Here’s a chart summarizing the results:

Summing up

Over the course of the testing I’ve learned two things:

A vCPU in an AWS environment actually represents only half a physical core. So if you’re looking for equivalent compute capacity to, say, an 8-core server, you would need a so-called 4xlarge EC2 instance with 16 vCPUs.

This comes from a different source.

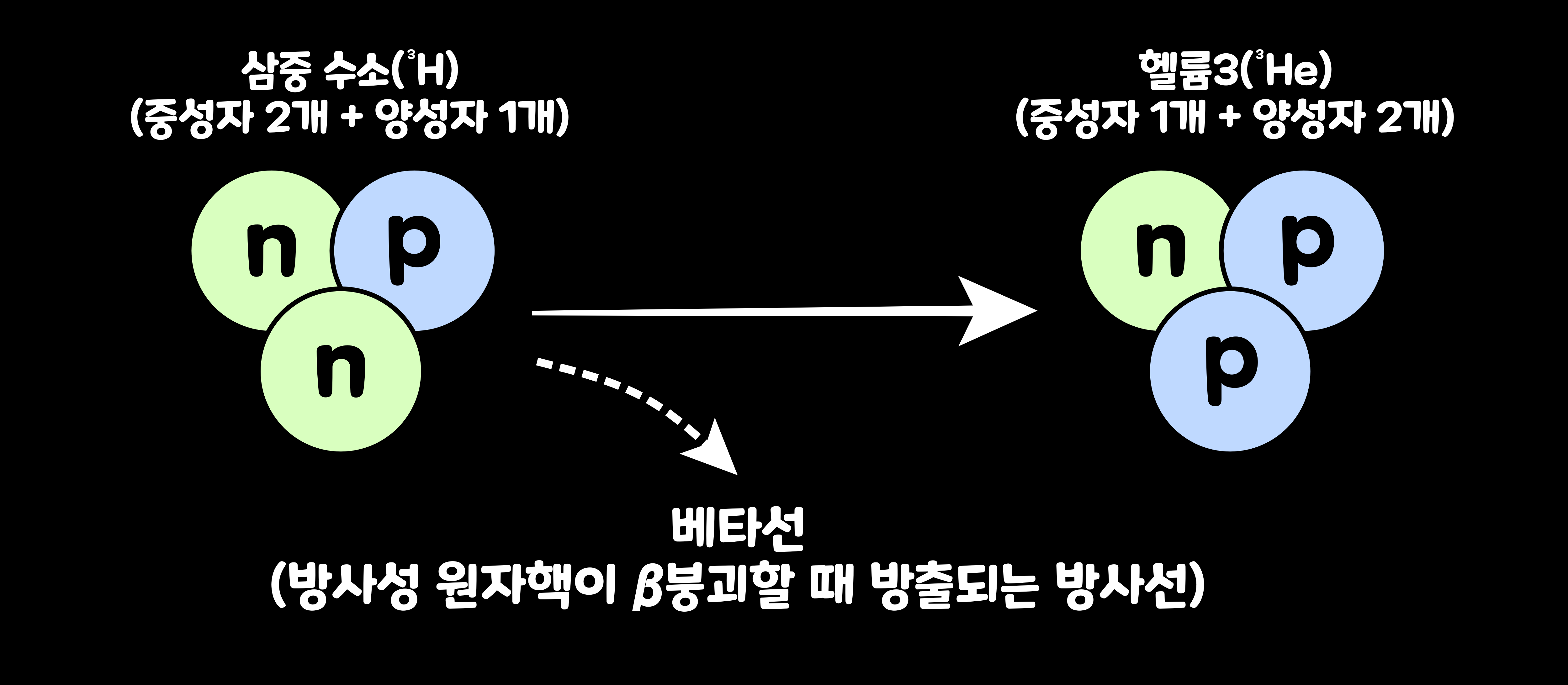 - 삼중 수소(3H): '양성자 1개'와 '중성자 2개'로 이루어진 수소 원자이다. '수소3'이라고도 한다. 삼중 수소는 '수소 3' 또는 '트리튬(tritium)'이라고한다. 베타선이라는 방사성 동위 원소로, 베타선이라는 방사선을 내고 헬륨 3로 바뀐다. 이에 따라 중성자 하나가 양성자로 변하고, 원자 번호가 늘어나 수소에서 헬륨이 된다.

So take it into account in your costing models!
The mislabeling of the CPU threads as separate single-core processors can result in performance variability as processes are switched between threads. This is something the AWS and/or Xen teams should be able to fix in the kernel.

Readers: what has been your experience with CPU performance in AWS? If any of you has access to a physical machine running E5-2670 processors, it would be interesting to see how the simple gzip test runs.